I stand at a crossroads; to live alone, or welcome someone into my life again.
In April, it will be three years since Jeff died. The intense grief is gone, a memory now. In 21 years together, he rarely bought me a gift. It may sound callous to some, but I learned his death was his greatest gift to me. He gave me the freedom to write.
I hadn't written much in the ten years before his death and less than 48 hours after he died, I wrote a poem. Then another, and another. Poems of grief. That November, I wrote 30 poems. In the two years since moving to Iowa, I've written over 100 poems.
I can't recall the author, maybe Doris Lessing, who believed a writer needs to live alone. Even if she didn't say it, I think there are many poets and writers who believe this. I think I'm a believer too.
It's not that I've written volumes of fantastic poetry, there are probably only a handful worthy of publication. The thing is, living alone, I've been able to write poems whenever I felt like it. I can turn off the television, play classical music, stare mindfully into the night sky, and imagine lines of poetry. There's no one here to ask what I'm doing, and the dogs are content to nap beside me while I write (Joey's doing that right now).

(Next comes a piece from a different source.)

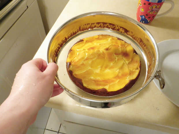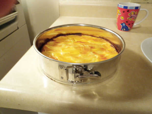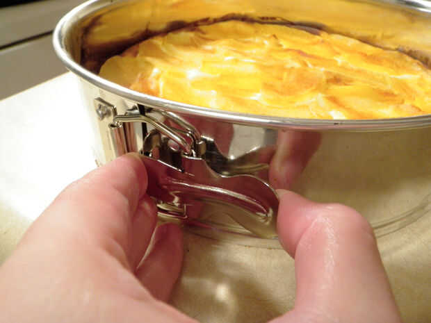 Liberar el cheesecake de la springform y permita que se enfríe por un tiempo más largo. Cuando se trata de a temperatura ambiente, cubierta en papel aluminio o envoltura de plástico y pegarlo en el refrigerador durante la noche para resolver (o para una buena parte del día).

On the other hand, I'll be 53 in March. I'm definitely not dead and still find men attractive. Though I relish my quiet and solitude out here in the Big Woods, I have sacrificed any chance of meeting someone (Iowa recognizes gay marriage, but that doesn't mean we're hanging out on street corners in small towns).
I could go to a gay bar, but that's a good 45 minute drive, and I'm not exactly into the bar scene. I joined an online dating site, but it's proved an empty pond and a waste of money.
All this has kept me up nights thinking about what the rest of my life is going to be like. Perhaps I'm fretting too much and should just let things play out, however that plays.